In the mid 19th century, coeducation was still a new and controversial idea. Most colleges were exclusively male, and several women's colleges had been founded as a response. But prior to Cornell's charter in 1865, few colleges were devoted to coeducation. (It is worth noting that coeducation did not catch on broadly with elite northeastern schools, including other Ivy League schools, until the 1960s) Oberlin College and University of Michigan were two coeducational colleges which predated Cornell's founding, and provided models for Cornell.

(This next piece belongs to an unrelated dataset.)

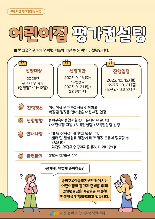 | 장소 | 신청 어린이집 현장 | 대상 | 2025년 평가제 8-9기(현장평가 11-12월) 대상 어린이집 |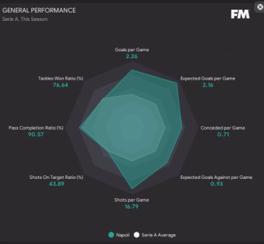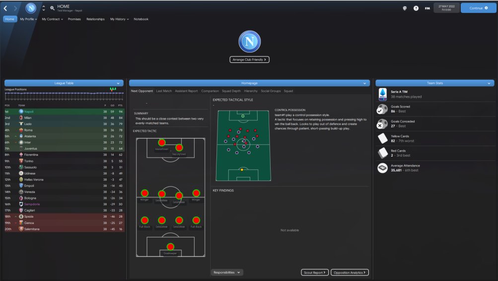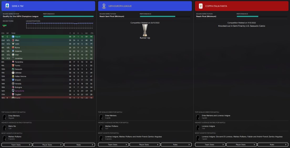 I messed up here with the screenshots as I forgot to get the squad screen and analyst report screenshots but as you can see Napoli won the league scoring the most and conceding the least. 94 points achieved and got to the final of the Europa league where we got beat off PSG. I believe Mertens scored 26 goals but I don't know in how many games.

The carnage of the American Civil War had introduced women into new areas of experience and leadership, and because of war casualties women outnumbered men in the United States. Central New York, and especially nearby Seneca Falls, was the center of the 19th-century women's rights movement. Cornell's founders Ezra Cornell and Andrew Dickson White favored coeducation and had deliberately included language in the school's charter specifying that it would offer instruction to "any person". Still, the school had no explicit policy about accepting women, and Cornell enrolled its first class in 1868 with 412 men and no women. In theory, the school would accept any person who could pass the admission requirements, but no facilities existed for women at its start, and the reality of admitting women was not immediately clear.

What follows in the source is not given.